128. In R.A.'s Multilith Big Book on page W, in the fourth paragraph it says:

"Alcohol being no respecter of persons, we are an accurate cross section of America, and in distant lands, the same democratic evening-up process is now going on. By personal religious affiliation, we include Catholics, Protestants, Jews, Hindus, and a sprinkling of Moslems and Buddhists. More than 15% of us are women."

129. Remember that this was written in 1955.

130. The last paragraph says:

"At present, our membership is increasing at the rate of about seven per cent a year. So far, upon the total problem of several million actual and potential alcoholics in the world, we have made only a scratch. In all probability, we shall never be able to touch more than a fair fraction of the alcohol problem in all its ramifications.

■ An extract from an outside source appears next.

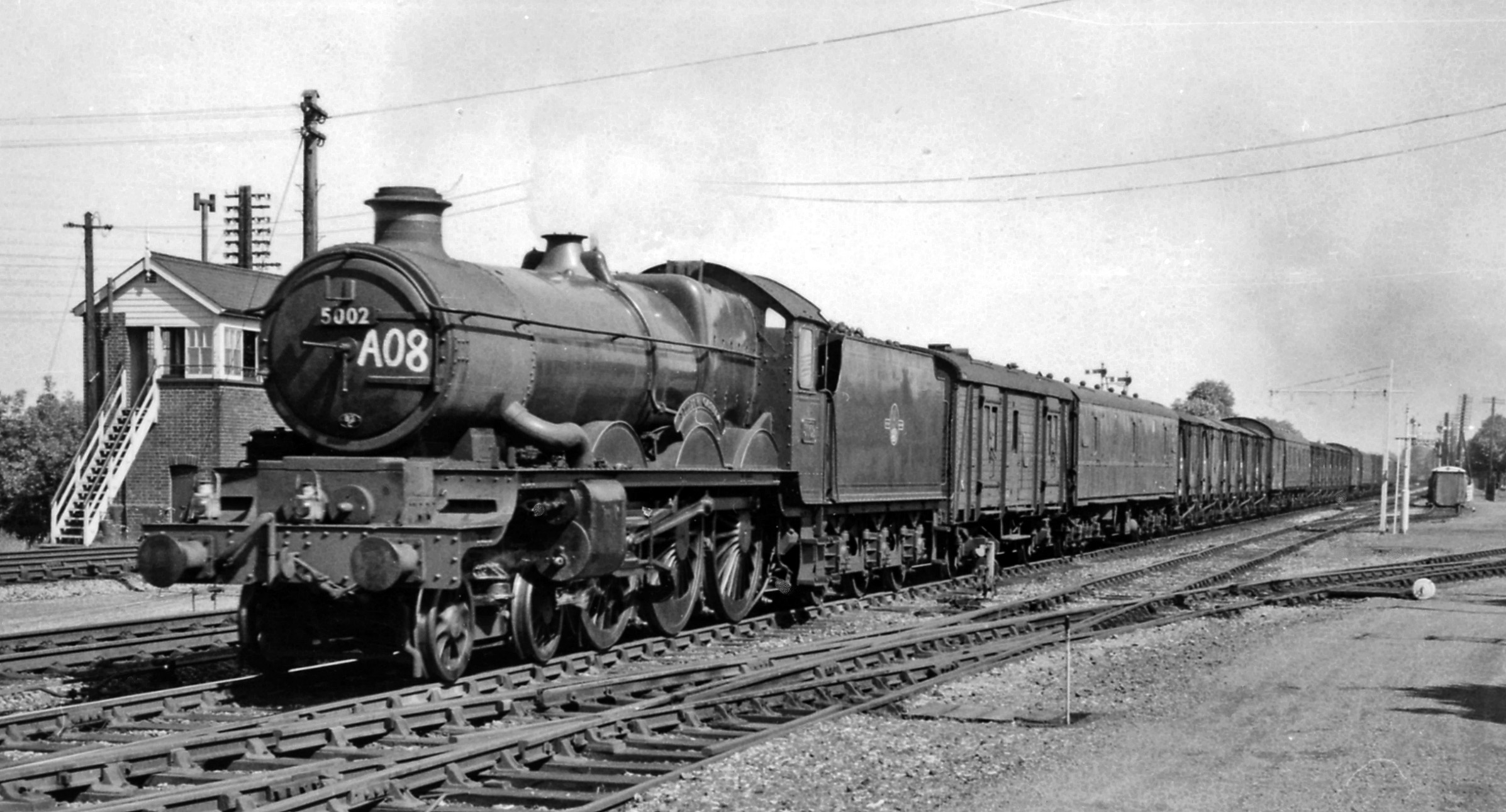 A long Down Parcels approaching Tilehurst with a 'Castle' 4-6-0. View eastward, towards Reading and London; ex-GWR Paddington - Bristol etc. main line. Built in 9/26, No. 5002 'Ludlow Castle' was one of the early batch of Collett 'Castles' and was in service until 9/64. 'A08' was probably the Reporting Number of its previous Up working - not of the Parcels.

Upon therapy for the alcoholic himself, we surely have no monopoly. Yet it is our great hope that all those who have as yet found no answer may begin to find one in the pages of this book and will presently join us on the high road to a new freedom."

131. The Foreword to the Third Edition of the Big Book was written in 1976.

132. The Foreword to the Fourth Edition of the Big Book was written in 2001.

133. While they are interesting, they have no relevance to working the Twelve Steps by following the pioneers' "clear-cut directions." Therefore, we will not discuss them here.